= Elapsed real time =

Time from a computer program's start to its end

In computing, elapsed real time, real time, wall-clock time, wall time, or walltime is the actual time taken from the start of a computer program to the end. In other words, it is the difference between the time at which a task finishes and the time at which the task started.

Wall time is thus different from CPU time, which measures only the time during which the processor is actively working on a certain task or process. The difference between the two can arise from architecture and run-time dependent factors, e.g. programmed delays or waiting for system resources to become available.
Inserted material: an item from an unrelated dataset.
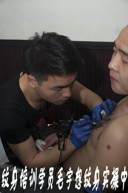 武汉最好的刺青培训学校学员毛宇刺青实操中

Consider the example of a mathematical program that reports that it has used "CPU time 0m0.04s, Wall time 6m6.0s". This means that while the program was active for six minutes and six seconds, during that time the computer's processor spent only 4/100 of a second performing calculations for the program.

Conversely, programs running in parallel on more than one processing unit can spend CPU time many times beyond their elapsed time. Since in concurrent computing the definition of elapsed time is non-trivial, the conceptualization of the elapsed time as measured on a separate, independent wall clock is convenient.

Another definition of "wall time" is the measurement of time via a separate, independent clock as opposed to the local system time (internal), i.e. with regard to the difference between the two.

== In simulation ==
The term wall-clock time has also found widespread adoption in computer simulation, to distinguish between (1) the (often compressed or expanded) simulation time, and (2) the time as it passes for the user of the simulation tool.